- _Work item_
How do the lines read from the one holding "High School. |" through the last line of the listing? Set them down exactly, pictures omitted.

- _Provided data_
▽
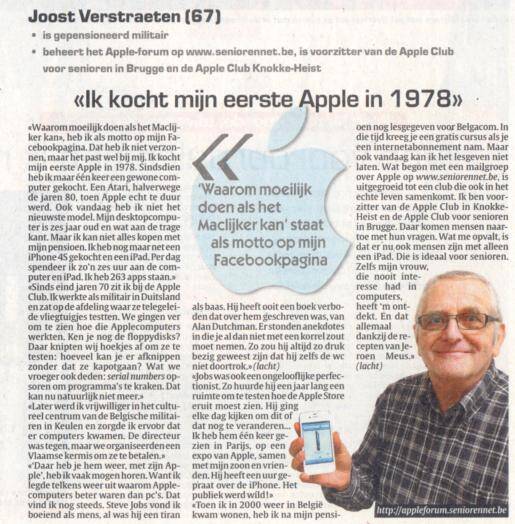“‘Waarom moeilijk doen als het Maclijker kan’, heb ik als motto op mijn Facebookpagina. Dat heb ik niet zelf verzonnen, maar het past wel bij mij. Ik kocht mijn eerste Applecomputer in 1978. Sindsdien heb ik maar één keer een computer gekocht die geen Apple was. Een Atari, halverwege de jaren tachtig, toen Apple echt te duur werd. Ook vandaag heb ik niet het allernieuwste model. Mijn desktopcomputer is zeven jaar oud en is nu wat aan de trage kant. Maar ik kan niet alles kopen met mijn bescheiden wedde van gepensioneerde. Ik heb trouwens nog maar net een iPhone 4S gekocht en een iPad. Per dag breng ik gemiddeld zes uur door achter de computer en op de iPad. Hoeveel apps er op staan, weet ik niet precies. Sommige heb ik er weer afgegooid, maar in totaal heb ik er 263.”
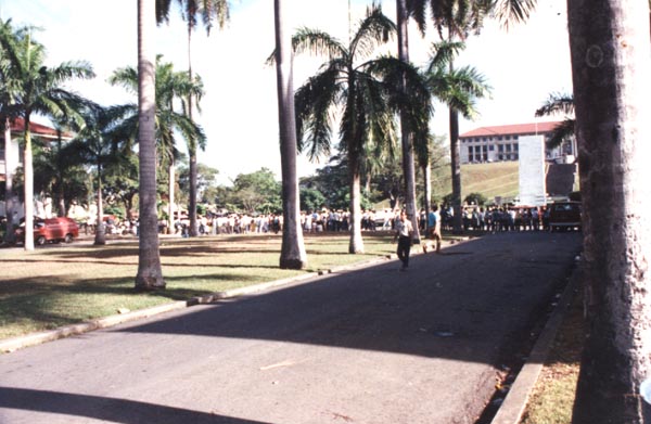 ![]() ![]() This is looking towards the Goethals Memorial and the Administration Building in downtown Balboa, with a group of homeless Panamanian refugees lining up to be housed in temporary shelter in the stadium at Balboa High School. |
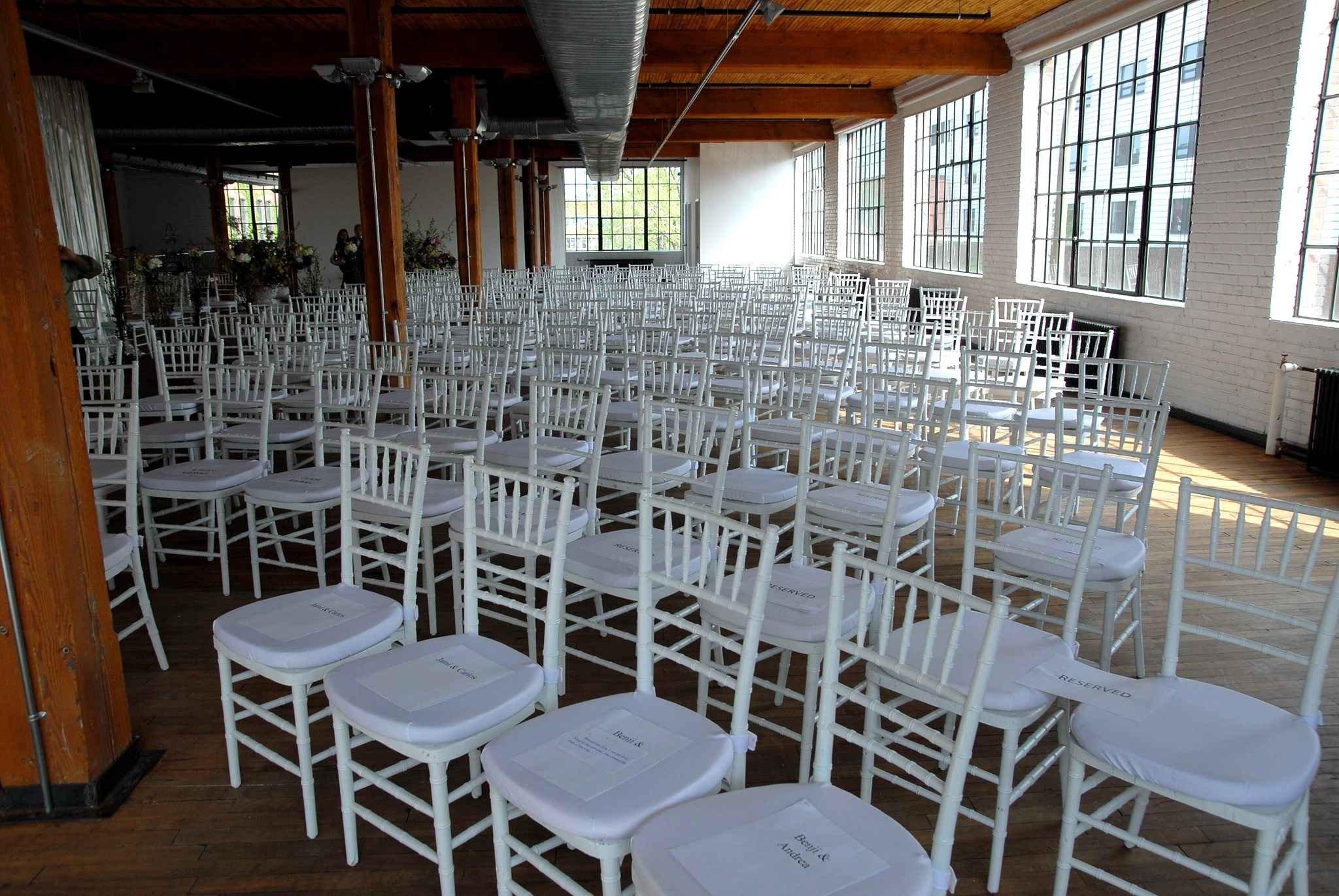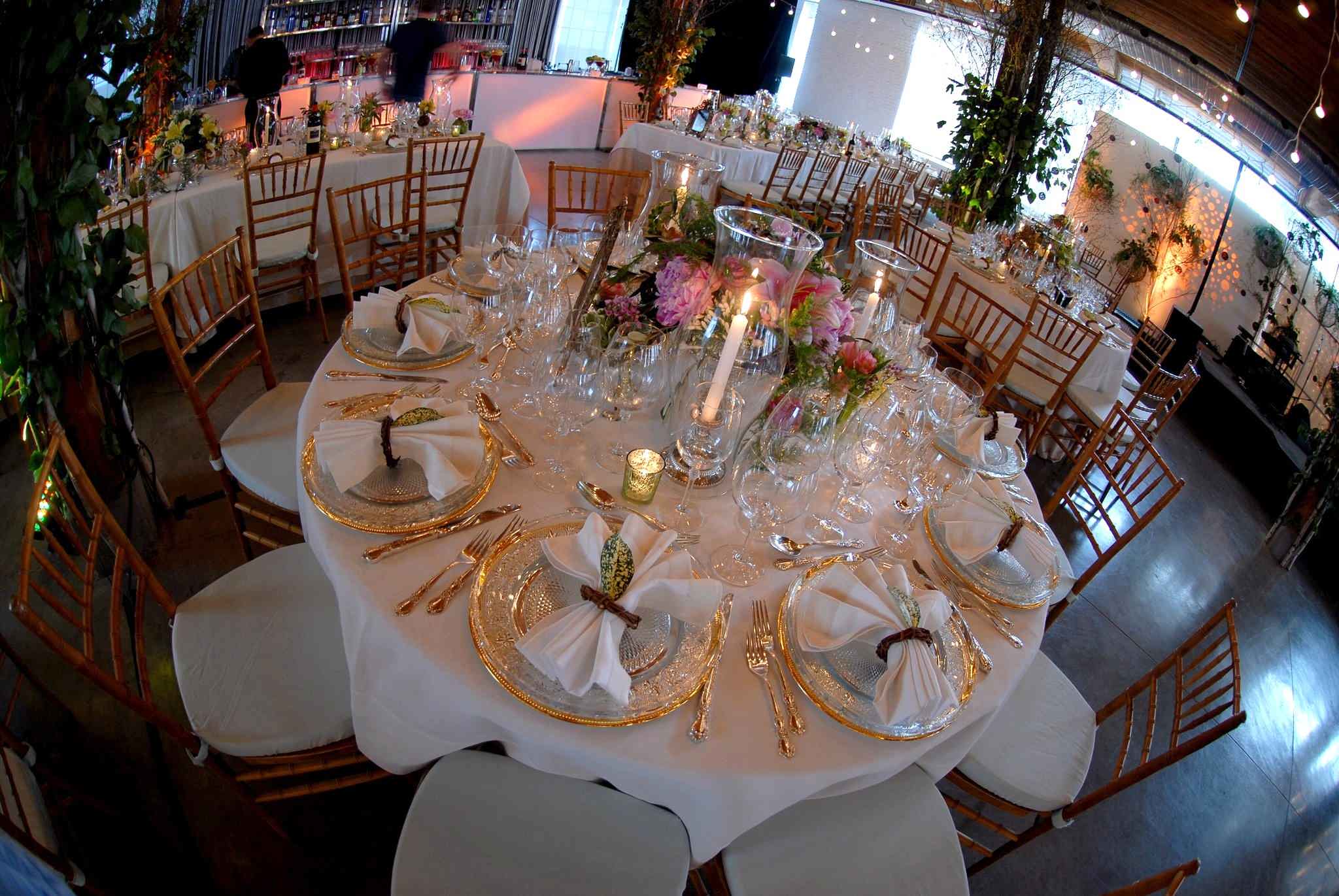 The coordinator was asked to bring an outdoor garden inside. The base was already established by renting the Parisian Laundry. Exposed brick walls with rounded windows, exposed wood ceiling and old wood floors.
△
- _The answer_
 ![]() ![]() This is looking towards the Goethals Memorial and the Administration Building in downtown Balboa, with a group of homeless Panamanian refugees lining up to be housed in temporary shelter in the stadium at Balboa High School. |
 The coordinator was asked to bring an outdoor garden inside. The base was already established by renting the Parisian Laundry. Exposed brick walls with rounded windows, exposed wood ceiling and old wood floors.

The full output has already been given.